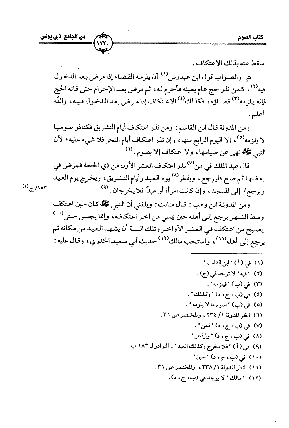 ومن «المدونة» قال ابن القاسم: ومن نذر اعتكاف أيام التشريق فكناذر صومها لا يلزمه، إلا اليوم الرابع منها، وإن نذر اعتكاف أيام النحر فلا شيء عليه؛ لأن النبي صلى الله عليه وسلم نهى عن صيامها، ولا اعتكاف إلا بصوم.
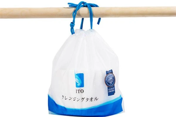 Ito洗脸巾比较常见的包装是那种松紧口、抽带式的。这种包装用的时候,直接拉开袋口取出里面的洗脸巾即可使用。洗脸巾是卷筒式的包装,和我们平时的用的卷筒纸使用的方式一致。
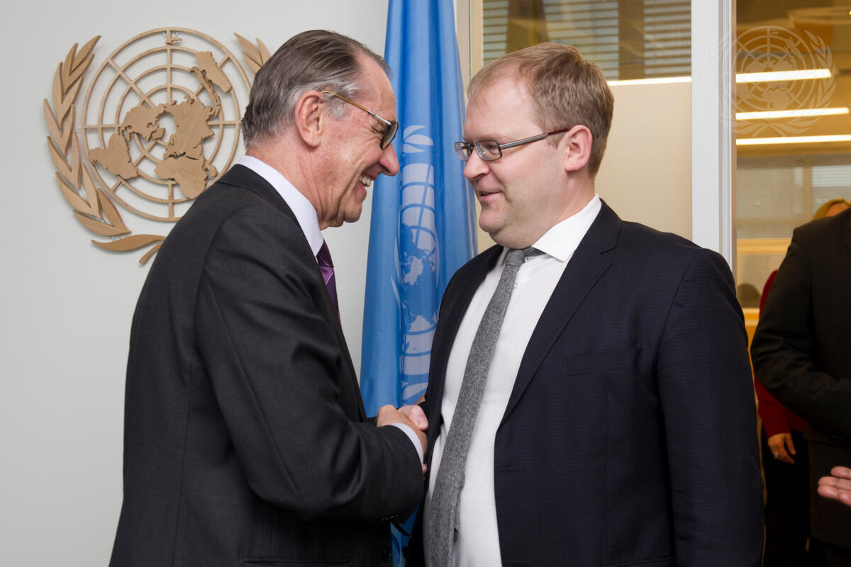 Deputy Secretary-General Jan Eliasson (left) meets with Urmas Paet, Minister for Foreign Affairs of the Republic of Estonia.

───

> _Exercise aim_
Produce an exact copy of the lines from the line with "Ito洗脸巾比较常见的包装是" through the last line of the data above, both ends included. No pictures belong in it.

> _Response_
 Ito洗脸巾比较常见的包装是那种松紧口、抽带式的。这种包装用的时候,直接拉开袋口取出里面的洗脸巾即可使用。洗脸巾是卷筒式的包装,和我们平时的用的卷筒纸使用的方式一致。
 Deputy Secretary-General Jan Eliasson (left) meets with Urmas Paet, Minister for Foreign Affairs of the Republic of Estonia.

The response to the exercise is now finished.